Dans cet article, je ne parle pas de tous. Je présente surtout le contexte des cinés indés, mon bilan personnel après avoir fait les plupart des salles, et je parle de mes coups de cœurs.
Le contexte des cinémas parisiens
À Paris, on a 3 grands de distributeurs : UGC (12 salles), Pathé (11 salles) et MK2 (8 salles). Assez méconnu des parisiens et parisiennes, le réseau CGR cinéma est quand même présent, avec une salle à la Porte des Lilas.
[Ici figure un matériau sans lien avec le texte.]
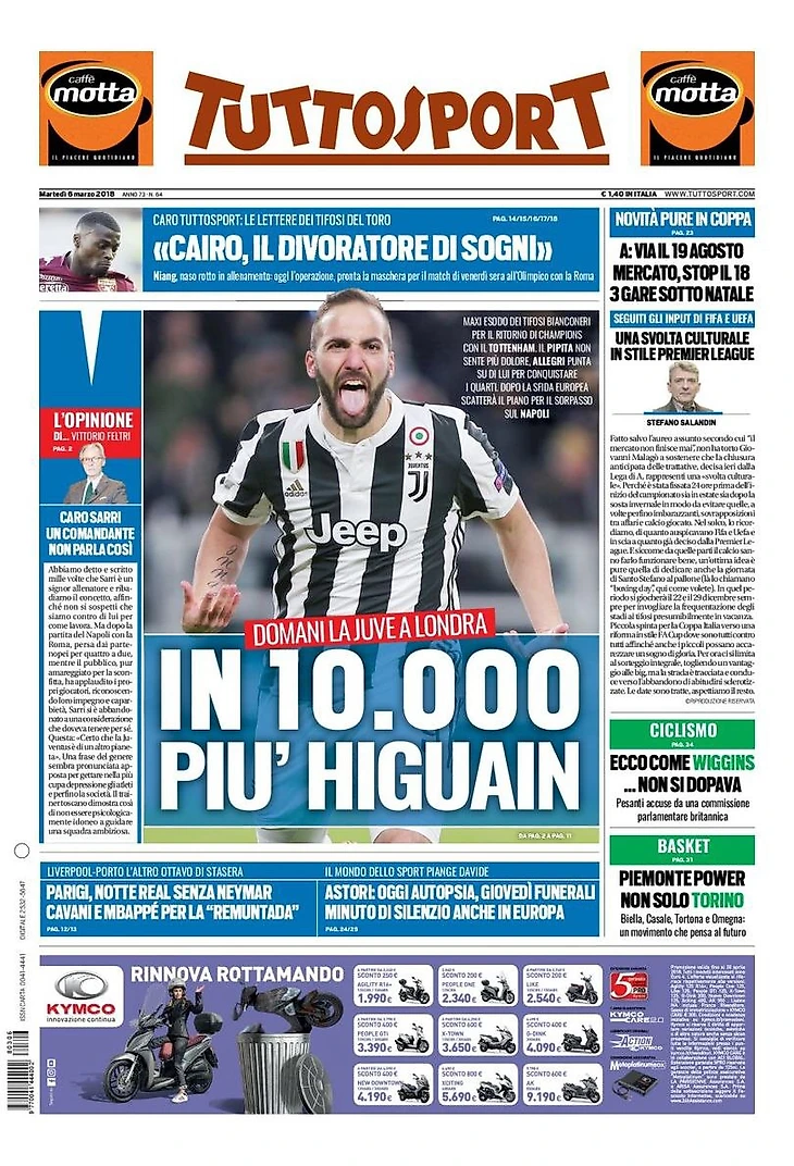 Завтра «Юве» в Лондоне. Максимальный выезд болельщиков Бьянконери на ответный матч Лиги Чемпионов против «Тоттенхэма». Пипита больше не чувствует боли, Аллегри делает ставку на него, чтобы завоевать выход в четвертьфинал. После европейской схватки начнётся план по обгону «Наполи».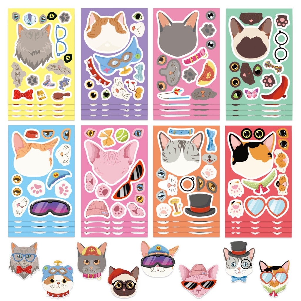 8Sheets/set super mario Stickers DIY Sticker Make A Face Assemble Jigsaw Puzzle Stickers kids gift
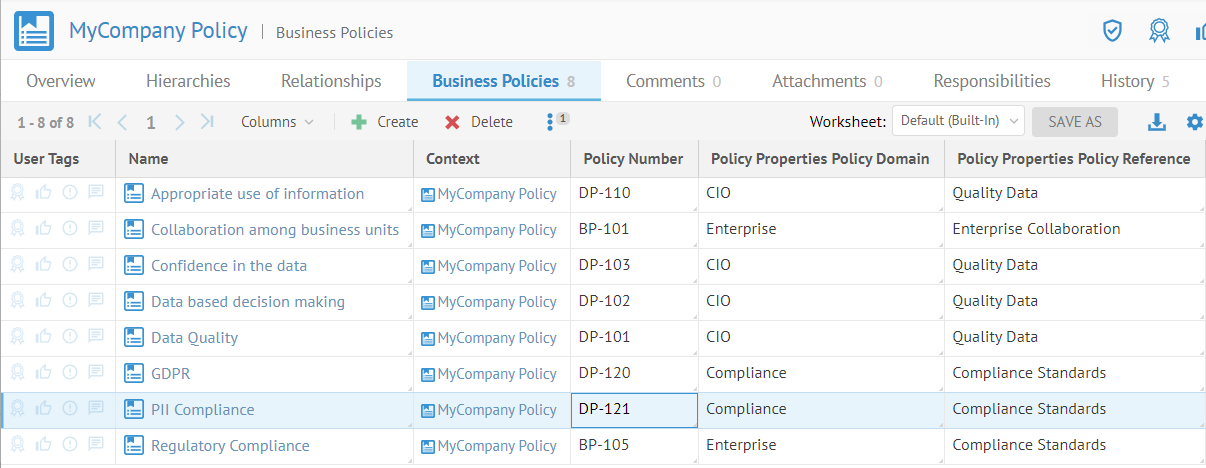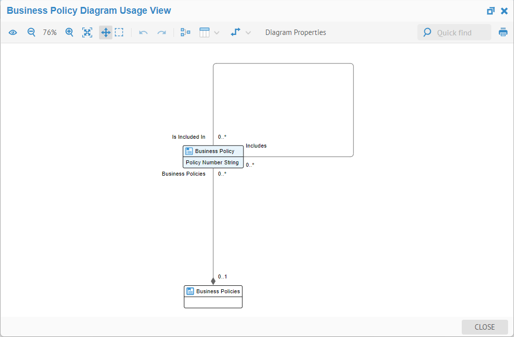 We may only select the composition relationship so that the model will be composed of the objects, in this case Business Policies. As with other composition relationships, the UI will understand that this it should be presented as a hierarchy.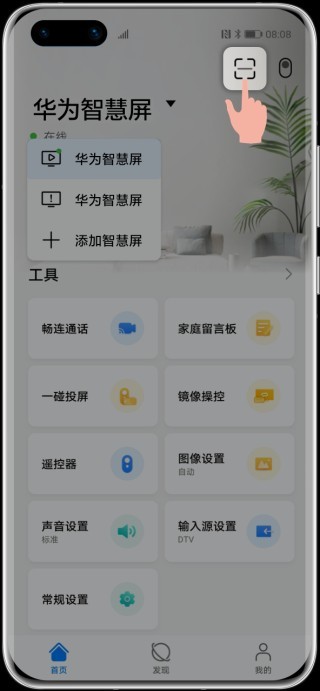 3、点击智慧屏App,首页右上角“扫码”图标,使用相同的华为帐号登录智慧屏,智慧屏App会自动添加该华为帐号下的智慧屏。
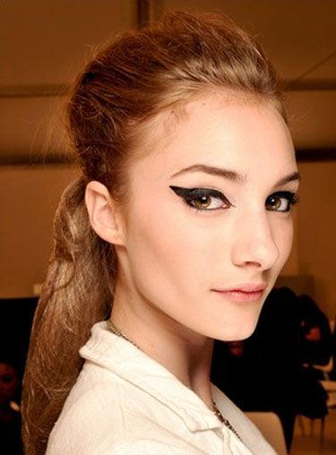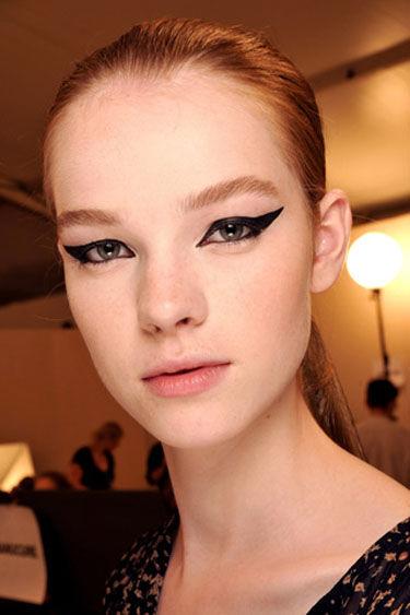 你所能看到的这种,线条干净、轮廓分明、颜色饱和浓重、在眼角舒展上扬的黑色眼线,屡屡登上T台,在Chanel、Dolce &Gabanna、Cavalli的模特们的脸上演绎得淋漓尽致。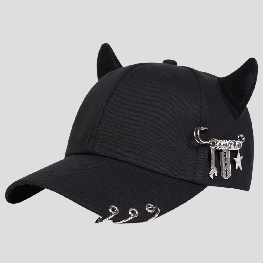 Boné Punk Preto com Chifres e Pendente Prateado

Quand je parle de cinéma indépendant, je pense à tous les cinémas qui n’appartiennent pas à un de ces réseaux.
Personnellement, j’en compte 39 en 2023. J’inclus tous les cinémas qui ont un site web à part, qui sont ouverts au public, et qui ne sont pas des institutions avec un objectif plus large. J’exclus donc l’excellent Forum des Images (géré par la ville de Paris) et la Cinémathèque.
Je ne compte pas non plus le Silencio des Prés, qui est devenu le club privé de David Lynch. Il n’est plus accessible qu’aux membres validés par le club (1 200 € l’adhésion annuelle), même s’il appartenait encore au réseau des cinémas indépendants jusqu’en 2022.
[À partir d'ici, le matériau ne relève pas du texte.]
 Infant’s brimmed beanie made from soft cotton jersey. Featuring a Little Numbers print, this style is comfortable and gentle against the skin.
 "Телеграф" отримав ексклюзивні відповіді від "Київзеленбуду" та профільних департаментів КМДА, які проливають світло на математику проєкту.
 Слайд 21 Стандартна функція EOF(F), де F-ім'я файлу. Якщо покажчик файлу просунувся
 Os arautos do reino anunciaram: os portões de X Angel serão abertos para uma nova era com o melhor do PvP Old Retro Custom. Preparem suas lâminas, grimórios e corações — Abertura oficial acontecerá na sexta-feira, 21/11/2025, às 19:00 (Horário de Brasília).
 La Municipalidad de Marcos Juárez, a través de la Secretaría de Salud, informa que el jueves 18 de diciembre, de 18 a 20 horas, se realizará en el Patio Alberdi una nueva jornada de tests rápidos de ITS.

Sur ces 39 salles, une trentaine adhère à l’association Cinémas Indépendants Parisien (CIP). L’asso leur permet de mutualiser leurs forces. Elle promeut notamment une carte “CIP” avec des places valables dans leur réseau (et un peu au-delà). Pour des raisons obscures, l’asso à deux sites web : un pour se présenter (cinemasindependantsparisiens.fr) et un pour voir la programmation des salles du réseau (cip-paris.fr/).
Mais le réseau CIP n’est pas le seul. Il existe aussi des mini-réseaux de 2 à 5 cinémas, qui regroupent des salles indépendantes associées entre elles (ou possédées par le même groupe). Je pense aux cinémas Dulac (5 salles), au Club Multiciné (3 salles), aux deux “Chaplin” et aux deux salles du “Paris Cinéma Club”.
À tout ça s’ajoute des cinémas hors de tout réseau : la Filmothèque du quartier latin, le Mac Mahon, le Bretagne (qui n’a pas de site web) et l’Espace Saint-Michel. J’inclus aussi dans cette liste le 7 Batignolles. Il est référencé sur le site de Pathé depuis peu, mais il reste indé selon Salles-cinema.com (la bible des salles actuelles ou disparues).
À de rares exceptions, tout ce petit monde accepte au moins une carte illimitée (UGC ou Pathé), souvent les deux. La carte CIP permet d’accéder aux cinémas du réseau CIP, mais il n’est pas rare que certains cinémas hors réseau l’acceptent quand même.
Mon bilan (et mes découvertes)
Les cinémas indépendants sont franchement bien équipés, propres et ont une bonne programmation. C’était pas évident au départ. Beaucoup des salles que j’ai croisées avaient été refaites récemment et étaient franchement agréables. Je pense au Christine Cinéma Club ou aux 7 Parnassiens que j’ai particulièrement aimé.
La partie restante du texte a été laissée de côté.